Camila e David também discutiram os efeitos da retração do crédito nos últimos dois anos. Após um ciclo de forte expansão até 2022, os anos de 2023 e 2024 serviram como “freio de arrumação” para os players do mercado. A inadimplência crescente, os efeitos das mudanças climáticas e a queda do preço das commodities exigiram uma reavaliação da forma como se estrutura risco nas operações de financiamento do agro.
O consenso entre os debatedores foi que esse momento de ajuste tem forçado tanto investidores quanto agentes do agro a se profissionalizarem. Do lado das empresas, isso envolve melhoria de governança, mais disciplina contratual e adoção de práticas de compliance. Do lado dos investidores, tem exigido maior sofisticação na análise setorial, integração com a realidade do campo e uso de ferramentas específicas para mensurar risco.
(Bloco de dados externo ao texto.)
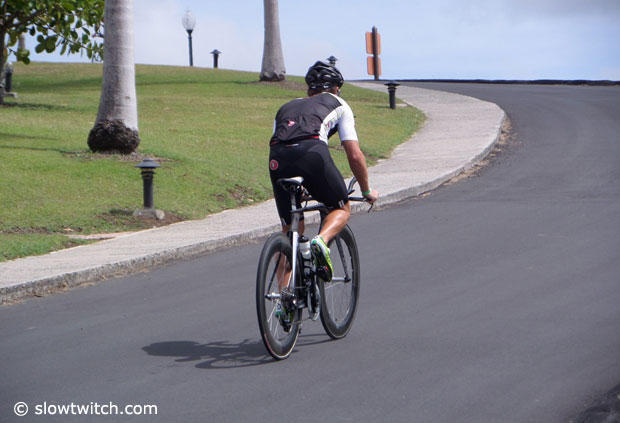 Heading towards the Divi Carina Bay on a 15 percent grade.

2.5. O mercado de capitais como ferramenta de reestruturação
Henrique abordou o uso crescente de instrumentos como CRAs subordinados, FIDCs e debêntures em planos de recuperação judicial ou reestruturações extrajudiciais. A utilização desses mecanismos permite a troca de dívida bancária por dívida estruturada em condições mais adequadas ao fluxo de caixa das companhias.
Ressaltou que, embora essas estruturas tragam vantagens — como a entrada de investidores com maior apetite a risco e o aprimoramento da governança —, também requerem cuidado. O uso indiscriminado de instrumentos do mercado de capitais pode gerar desequilíbrios entre credores e desvirtuar os princípios da RJ se não houver alinhamento entre as partes.
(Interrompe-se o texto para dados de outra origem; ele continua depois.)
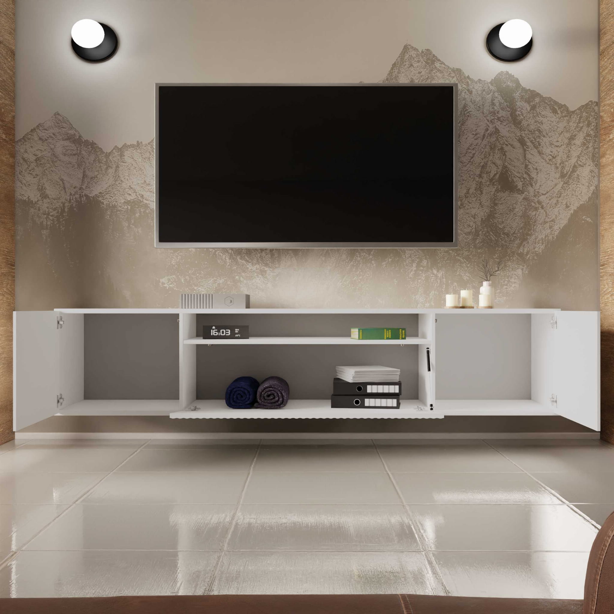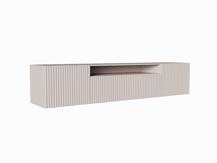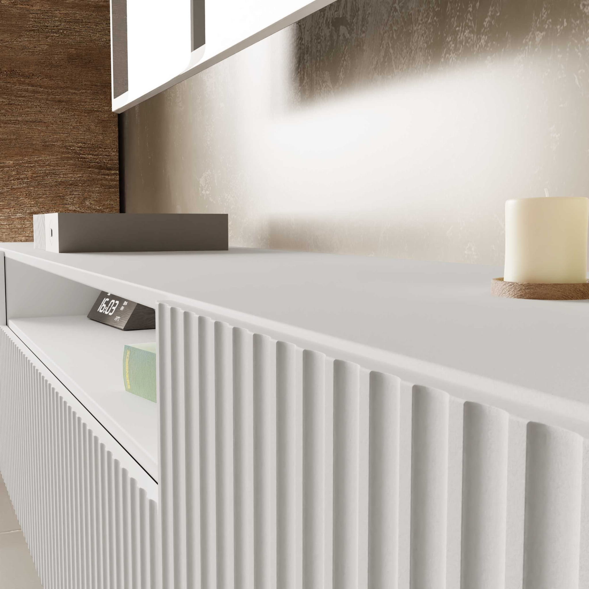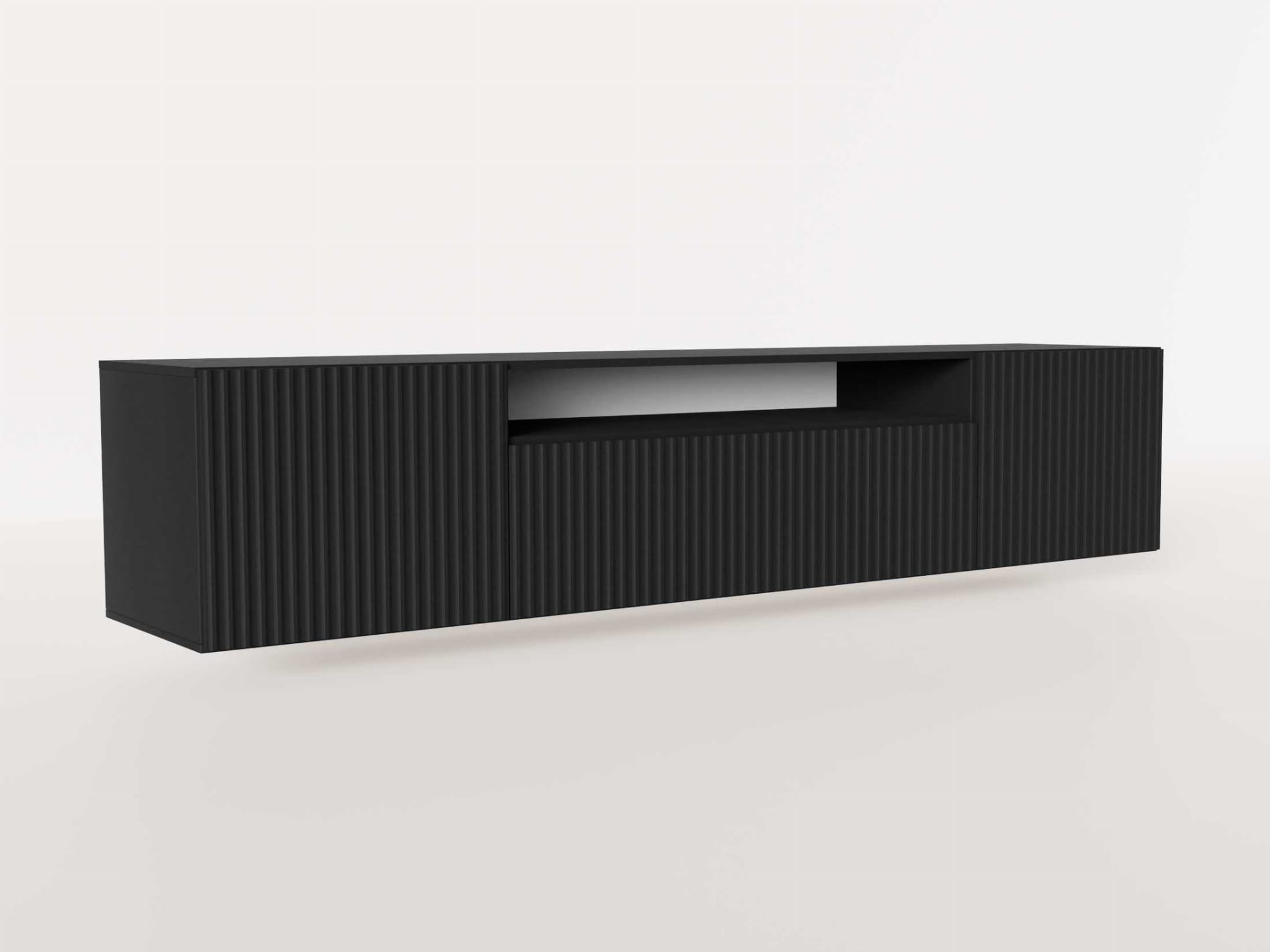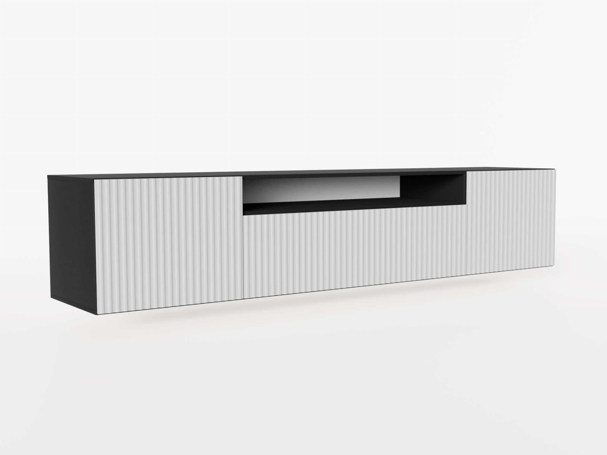 Szafka RTV Wisząca NOE Szerokość 200 cm Biała Ryflowany Front Trzydrzwiowa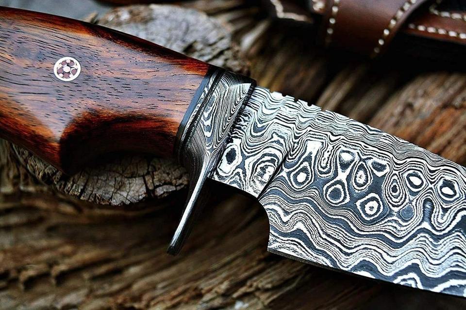 มีดล่าสัตว์ทำจากเหล็กดามัสกัสโบวี่ด้ามจับไม้กุหลาบมีปลอกรองรับงานตามสั่ง

2.6. O olhar do investidor: riscos, ciclos e oportunidades
Renato Buranello voltou a destacar que o investidor está mais cauteloso. Com base em sua experiência, argumentou que os ciclos de otimismo geraram ondas de entrada no setor, mas nem sempre com preparo adequado. A governança mais exigente e a maior atenção à regulação devem ser vistos como evolução natural de um mercado que amadurece.
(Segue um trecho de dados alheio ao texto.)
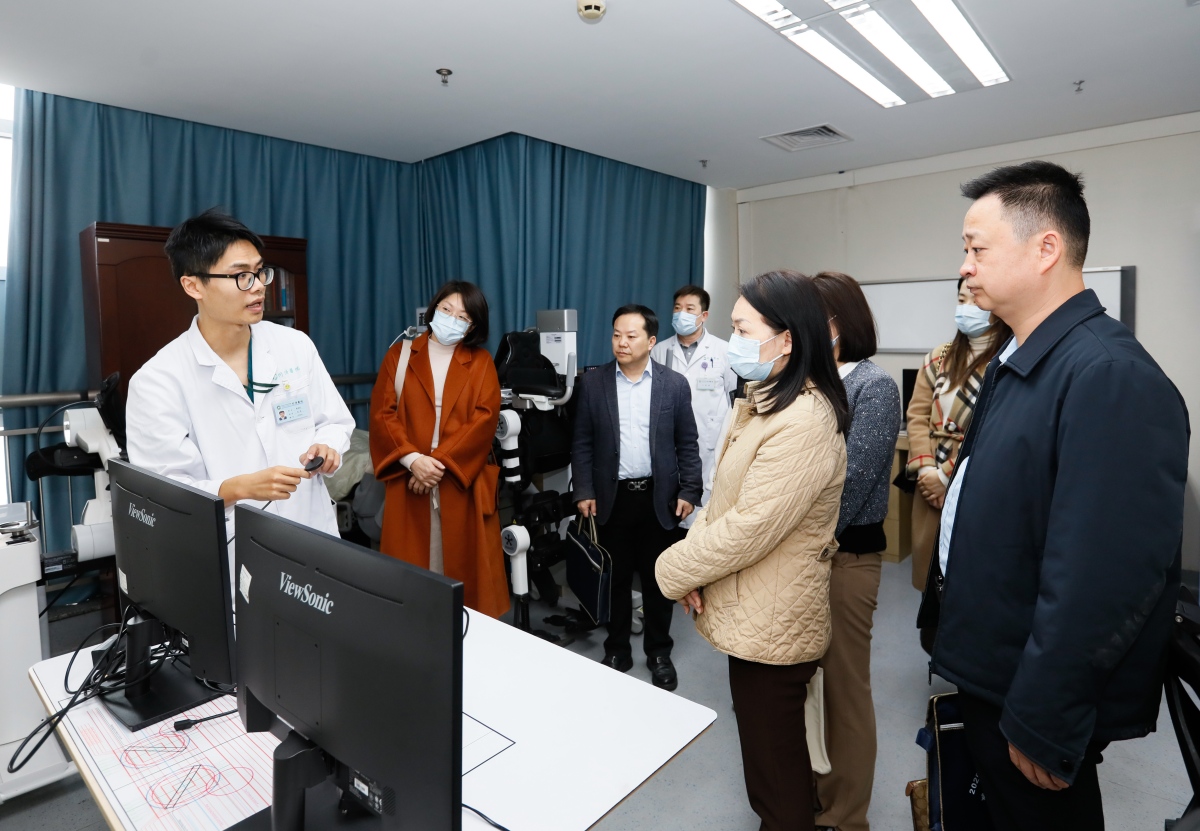 我院脑机接口研究院专家、神经外科黄逸民博士向调研组详细介绍了脑机接口研究型病房建设、临床研究进展及脑机接口技术在神经疾病治疗中的应用前景,实地展示了我院在该领域的科研实力与创新成果。随后,脑机接口研究院专家、神经内科副主任医师张萍系统介绍了我院在脑机接口技术研发、临床转化试验、医工交叉创新平台建设等方面取得的阶段性成果及未来发展规划。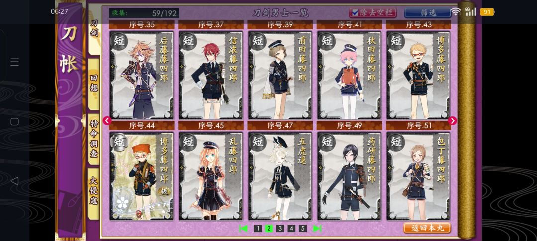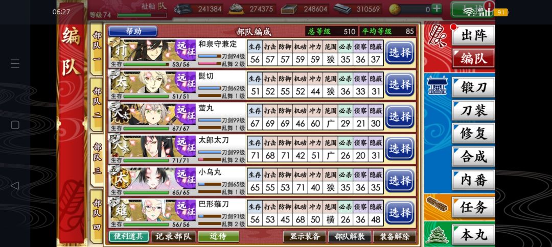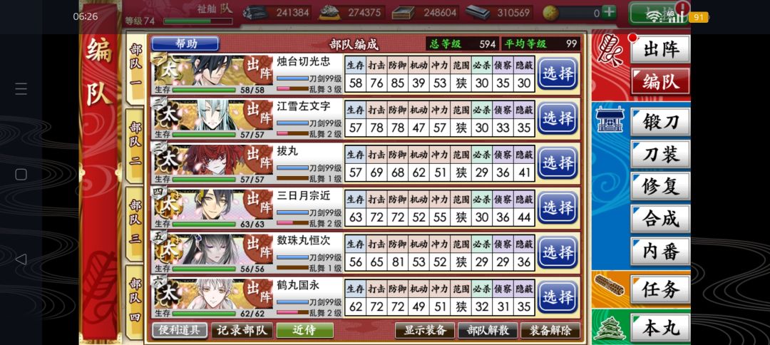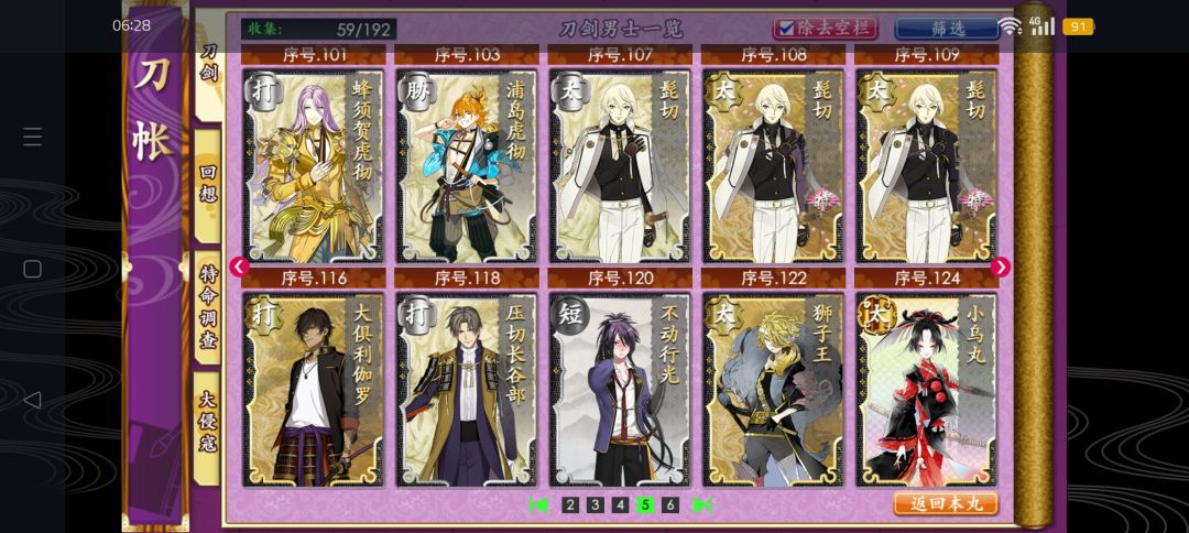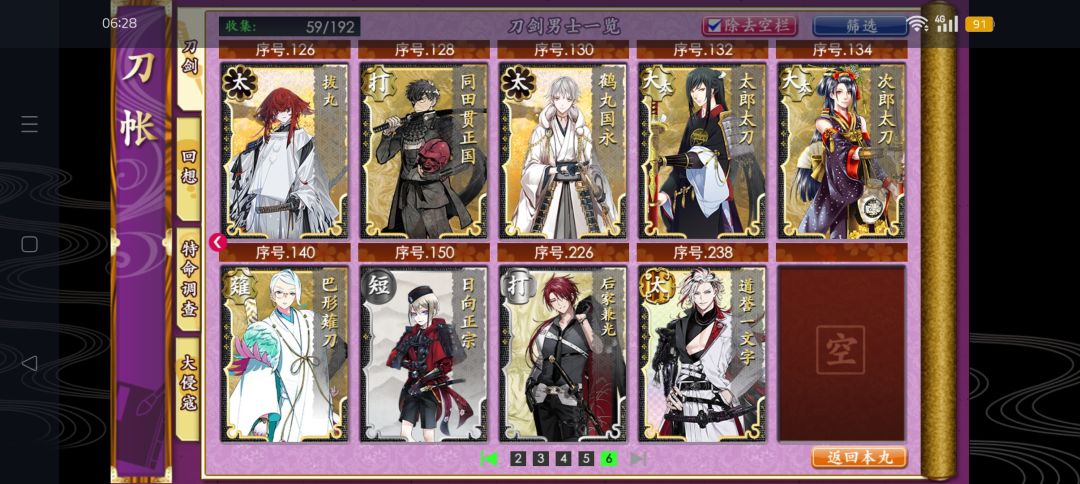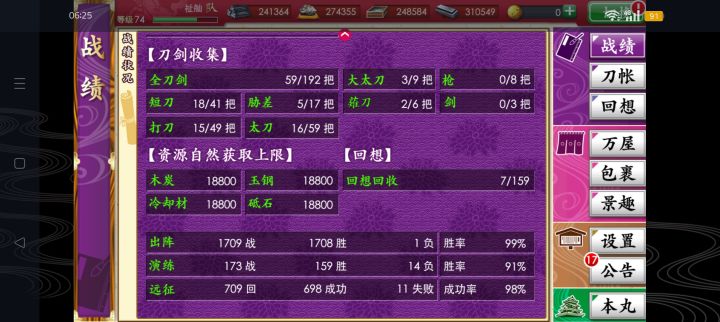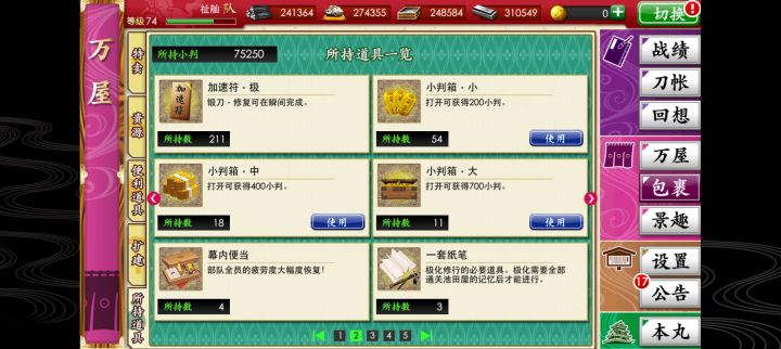 后来联队战+三倍让我练级轻松好多,多亏送的小判,打到了15万,拿齐所有奖励刀还有修行用品,我基本只刷1,预计快到15万的时候刷了几天2,34就没打过,掉了2大包平,1日向正宗,1大般若长光

Também destacou a ausência de um seguro rural eficiente como uma das lacunas estruturais mais graves do agro brasileiro. Diferente de outros países, como EUA ou Espanha, o Brasil ainda subsidia crédito e não risco. Um sistema de seguro mais sólido poderia liberar recursos do mercado privado com mais fluidez, reduzindo a dependência de mecanismos extremos como a RJ.
3. Considerações Finais
Como relator do painel, destaco três pontos centrais para a construção de um mercado de capitais mais eficiente e seguro para o agronegócio:
Aproximação entre stakeholders – Investidores precisam entender a realidade do campo, os riscos operacionais e as especificidades da produção agroindustrial. Por outro lado, produtores devem compreender melhor os mecanismos financeiros disponíveis e os compromissos que esses instrumentos exigem.
Uso estratégico das ferramentas jurídicas – Em situações de estresse financeiro, o mercado dispõe de instrumentos como o DIP e a subordinação em CRAs que podem auxiliar na retomada da liquidez e da sustentabilidade operacional, sem necessariamente recorrer à RJ como primeira opção.
Previsibilidade regulatória e fortalecimento institucional – O avanço do FIAGRO e dos demais títulos do agro só será sustentável com estabilidade normativa, segurança jurídica e interlocução constante entre reguladores, investidores e produtores.
O mercado de capitais deixou de ser uma promessa e já é um dos motores do desenvolvimento do agronegócio brasileiro. Para que essa integração se consolide, será preciso seguir avançando em maturidade, educação, transparência e diálogo — entre quem produz, quem investe e quem estrutura.